-------- TASK INPUT --------

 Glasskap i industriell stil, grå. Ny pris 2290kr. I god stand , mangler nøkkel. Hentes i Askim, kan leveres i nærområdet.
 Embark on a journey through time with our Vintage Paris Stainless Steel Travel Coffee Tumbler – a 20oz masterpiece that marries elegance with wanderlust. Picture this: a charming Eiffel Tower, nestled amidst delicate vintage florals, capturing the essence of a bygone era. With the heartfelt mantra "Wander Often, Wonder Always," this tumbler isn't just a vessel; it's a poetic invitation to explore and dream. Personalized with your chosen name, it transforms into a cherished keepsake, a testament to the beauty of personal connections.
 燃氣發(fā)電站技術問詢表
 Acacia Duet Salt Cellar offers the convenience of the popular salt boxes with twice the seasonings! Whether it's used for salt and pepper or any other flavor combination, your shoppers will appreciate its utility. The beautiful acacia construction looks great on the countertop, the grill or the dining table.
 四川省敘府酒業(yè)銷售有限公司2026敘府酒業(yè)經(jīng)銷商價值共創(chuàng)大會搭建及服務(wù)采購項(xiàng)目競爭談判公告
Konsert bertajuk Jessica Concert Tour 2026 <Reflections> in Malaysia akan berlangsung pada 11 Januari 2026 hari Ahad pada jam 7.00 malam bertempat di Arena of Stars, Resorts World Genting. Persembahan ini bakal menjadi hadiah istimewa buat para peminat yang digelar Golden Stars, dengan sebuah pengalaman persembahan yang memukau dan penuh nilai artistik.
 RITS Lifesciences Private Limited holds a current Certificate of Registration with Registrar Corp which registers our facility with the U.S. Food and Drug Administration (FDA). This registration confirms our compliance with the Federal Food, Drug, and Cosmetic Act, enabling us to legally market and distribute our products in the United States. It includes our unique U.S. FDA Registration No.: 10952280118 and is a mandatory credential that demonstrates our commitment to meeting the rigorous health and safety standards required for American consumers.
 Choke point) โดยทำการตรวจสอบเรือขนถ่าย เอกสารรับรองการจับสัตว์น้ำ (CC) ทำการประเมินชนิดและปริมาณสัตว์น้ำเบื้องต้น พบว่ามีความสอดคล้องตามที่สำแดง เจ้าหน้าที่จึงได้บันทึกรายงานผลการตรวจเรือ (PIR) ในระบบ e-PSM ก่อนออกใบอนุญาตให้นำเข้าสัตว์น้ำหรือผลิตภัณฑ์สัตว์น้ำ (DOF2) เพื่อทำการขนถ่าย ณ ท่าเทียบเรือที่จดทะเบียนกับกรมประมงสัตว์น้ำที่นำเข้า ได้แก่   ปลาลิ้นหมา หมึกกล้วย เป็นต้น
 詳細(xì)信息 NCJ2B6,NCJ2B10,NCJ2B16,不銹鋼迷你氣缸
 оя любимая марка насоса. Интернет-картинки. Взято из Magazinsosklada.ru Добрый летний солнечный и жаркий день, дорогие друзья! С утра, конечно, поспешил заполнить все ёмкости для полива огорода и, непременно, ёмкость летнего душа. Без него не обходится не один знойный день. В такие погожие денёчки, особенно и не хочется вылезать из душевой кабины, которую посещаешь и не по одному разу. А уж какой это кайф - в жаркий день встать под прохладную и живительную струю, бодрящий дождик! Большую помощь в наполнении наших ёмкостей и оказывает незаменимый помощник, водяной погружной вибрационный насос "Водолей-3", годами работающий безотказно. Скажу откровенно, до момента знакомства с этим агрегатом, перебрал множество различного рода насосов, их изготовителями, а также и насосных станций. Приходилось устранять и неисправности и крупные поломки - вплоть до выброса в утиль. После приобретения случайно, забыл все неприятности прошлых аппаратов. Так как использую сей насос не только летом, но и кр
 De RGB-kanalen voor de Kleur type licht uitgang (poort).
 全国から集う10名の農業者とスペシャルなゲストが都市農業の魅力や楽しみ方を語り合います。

--------

* EXERCISE PROMPT *
From the first line to the last, restate the data above exactly.

* WRITTEN ANSWER *
 Glasskap i industriell stil, grå. Ny pris 2290kr. I god stand , mangler nøkkel. Hentes i Askim, kan leveres i nærområdet.
 Embark on a journey through time with our Vintage Paris Stainless Steel Travel Coffee Tumbler – a 20oz masterpiece that marries elegance with wanderlust. Picture this: a charming Eiffel Tower, nestled amidst delicate vintage florals, capturing the essence of a bygone era. With the heartfelt mantra "Wander Often, Wonder Always," this tumbler isn't just a vessel; it's a poetic invitation to explore and dream. Personalized with your chosen name, it transforms into a cherished keepsake, a testament to the beauty of personal connections.
 燃氣發(fā)電站技術問詢表
 Acacia Duet Salt Cellar offers the convenience of the popular salt boxes with twice the seasonings! Whether it's used for salt and pepper or any other flavor combination, your shoppers will appreciate its utility. The beautiful acacia construction looks great on the countertop, the grill or the dining table.
 四川省敘府酒業(yè)銷售有限公司2026敘府酒業(yè)經(jīng)銷商價值共創(chuàng)大會搭建及服務(wù)采購項(xiàng)目競爭談判公告
Konsert bertajuk Jessica Concert Tour 2026 <Reflections> in Malaysia akan berlangsung pada 11 Januari 2026 hari Ahad pada jam 7.00 malam bertempat di Arena of Stars, Resorts World Genting. Persembahan ini bakal menjadi hadiah istimewa buat para peminat yang digelar Golden Stars, dengan sebuah pengalaman persembahan yang memukau dan penuh nilai artistik.
 RITS Lifesciences Private Limited holds a current Certificate of Registration with Registrar Corp which registers our facility with the U.S. Food and Drug Administration (FDA). This registration confirms our compliance with the Federal Food, Drug, and Cosmetic Act, enabling us to legally market and distribute our products in the United States. It includes our unique U.S. FDA Registration No.: 10952280118 and is a mandatory credential that demonstrates our commitment to meeting the rigorous health and safety standards required for American consumers.
 Choke point) โดยทำการตรวจสอบเรือขนถ่าย เอกสารรับรองการจับสัตว์น้ำ (CC) ทำการประเมินชนิดและปริมาณสัตว์น้ำเบื้องต้น พบว่ามีความสอดคล้องตามที่สำแดง เจ้าหน้าที่จึงได้บันทึกรายงานผลการตรวจเรือ (PIR) ในระบบ e-PSM ก่อนออกใบอนุญาตให้นำเข้าสัตว์น้ำหรือผลิตภัณฑ์สัตว์น้ำ (DOF2) เพื่อทำการขนถ่าย ณ ท่าเทียบเรือที่จดทะเบียนกับกรมประมงสัตว์น้ำที่นำเข้า ได้แก่   ปลาลิ้นหมา หมึกกล้วย เป็นต้น
 詳細(xì)信息 NCJ2B6,NCJ2B10,NCJ2B16,不銹鋼迷你氣缸
 оя любимая марка насоса. Интернет-картинки. Взято из Magazinsosklada.ru Добрый летний солнечный и жаркий день, дорогие друзья! С утра, конечно, поспешил заполнить все ёмкости для полива огорода и, непременно, ёмкость летнего душа. Без него не обходится не один знойный день. В такие погожие денёчки, особенно и не хочется вылезать из душевой кабины, которую посещаешь и не по одному разу. А уж какой это кайф - в жаркий день встать под прохладную и живительную струю, бодрящий дождик! Большую помощь в наполнении наших ёмкостей и оказывает незаменимый помощник, водяной погружной вибрационный насос "Водолей-3", годами работающий безотказно. Скажу откровенно, до момента знакомства с этим агрегатом, перебрал множество различного рода насосов, их изготовителями, а также и насосных станций. Приходилось устранять и неисправности и крупные поломки - вплоть до выброса в утиль. После приобретения случайно, забыл все неприятности прошлых аппаратов. Так как использую сей насос не только летом, но и кр
 De RGB-kanalen voor de Kleur type licht uitgang (poort).
 全国から集う10名の農業者とスペシャルなゲストが都市農業の魅力や楽しみ方を語り合います。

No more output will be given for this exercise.